On the downside for Obama, he goes into the final four months of the election campaign saddled with a decision that says he has raised taxes on some of the nation’s poorest people — for that is what the court said will be happening, 18 months from now, when the health insurance mandate part of the new Act takes effect, and people who have no employer-provided health plan, and no other kind of coverage, fail to buy a policy for themselves and their families. They will be socked with a bill by the IRS, and while the Obama administration and supporters of the act in Congress were at pains to say that the payment such people would be hit with would be a fine, the Justices in the majority were adamant that it would be a tax.
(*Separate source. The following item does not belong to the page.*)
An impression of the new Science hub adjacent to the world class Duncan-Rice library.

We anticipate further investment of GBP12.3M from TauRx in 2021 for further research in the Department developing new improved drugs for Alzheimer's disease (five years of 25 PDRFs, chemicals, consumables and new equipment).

Also taking a hit were Republicans, who universally oppose what they have been deprecatingly calling “Obamacare.” Republicans, including their presidential candidate- in-waiting Mitt Romney, have vowed to eliminate the act after the November election if they win, though unless they do surprisingly well in the Senate and come up with close to a 60-40 majority — very unlikely — they will in truth be unable to do that.
Romney, who as governor of Massachusetts launched a state health plan that included an insurance mandate with a fine for not having insurance, which was clearly the model for the federal law, is in the awkward position of another Massachusetts presidential contender, John Kerry, who went down to defeat in part because he voted for an $87-billion bill funding the Iraq War and then voted against it, leaving him lamely explaining to reporters that “I actually did vote for the $87 billion before I voted against it.” Now Mitt Romney will have to be saying, for the next four months, that “I was for an insurance mandate before I was against it.”
Not an enviable position to be in as a candidate!